Here’s a question I often think about: how will we really make the changes necessary to stop global warming and start living sustainably? I certainly don’t do it myself on a consistent enough basis, although I try to.
Is it a big event that’s going to push me over the edge, making sustainability and carbon-neutrality the center of my life? Or is it going to be a small, ongoing process, not entirely decided by my own actions but a combination of what I buy and the choices available to me actually changing?
Elizabeth Kolbert talked about these things brilliantly in her article “What’s Wrong With Eco-Stunts” in the New Yorker last year. Small changes in one’s day-to-day life are one thing, but they’re full of compromises that blunt the effectiveness of the entire enterprise (or so goes her argument — read the article, though. It’s fantastic.)
Letting Other Things Make Smarter Decisions For Us
One way that massive changes might be enacted on a small scale is through the kind of thinking that informs a book like Cass Sustein’s Nudge, where little “nudges” in the right direction, from outside influences, can make a huge difference.
Sustein uses examples like companies requiring employees to “opt out” of beneficial programs rather than offering them — suggesting that humans aren’t so rational when it comes to choosing what’s best for them.

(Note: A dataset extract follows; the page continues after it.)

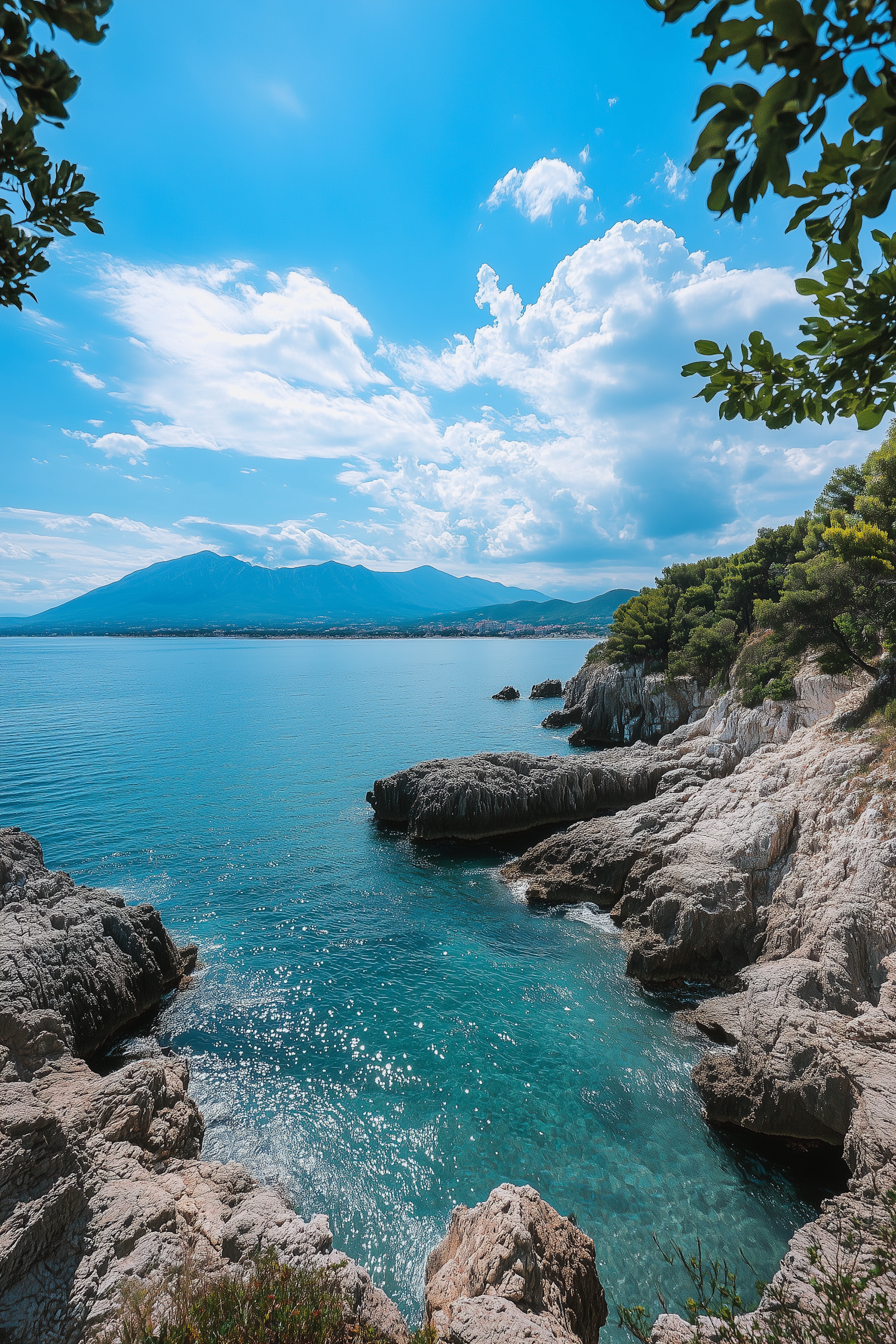 Breathtaking coastal view with turquoise waters, rugged cliffs, and distant mountains under a vibrant blue sky with fluffy clouds.

I tend to agree on a gut level with this philosophy — I know there are plenty of things I could be doing to improve my life and the life of the planet, but I either forget to do them, do them wrong and blunt their effectiveness, or just don’t keep track of them all.
Smarter Devices
Strangely enough, this idea struck me while I was looking at a recent article about something as seemingly unimportant as a cellphone charger.
The only difference between this and plenty of other chargers is that here is a USB-based wall charger that doesn’t pull power from the socket when it’s not charging a phone. Seems like a tiny thing, but if you multiply the number of people who leave their cellphone chargers plugged in all the time, these “vampire devices” add up to a lot of wasted electricity.
Multiply This Out, Several Times
It’s a tiny decision that, when multiplied exponentially, and combined with hundreds of other little decisions like it, could make a big difference in how we use energy. And it’s one that I don’t really have to make — the device made it for me.
Kolbert suggests we should spend our time organizing political initiatives and doing higher-level environmental work instead of worrying about cellphone chargers pulling energy from the wall — these small steps, while important, are not going to be enough to turn things around.
And every time I hear about a device that takes away a potential energy-wasting circumstance from me, switching one small aspect of my life to a default “off” position — it makes me a little bit happier.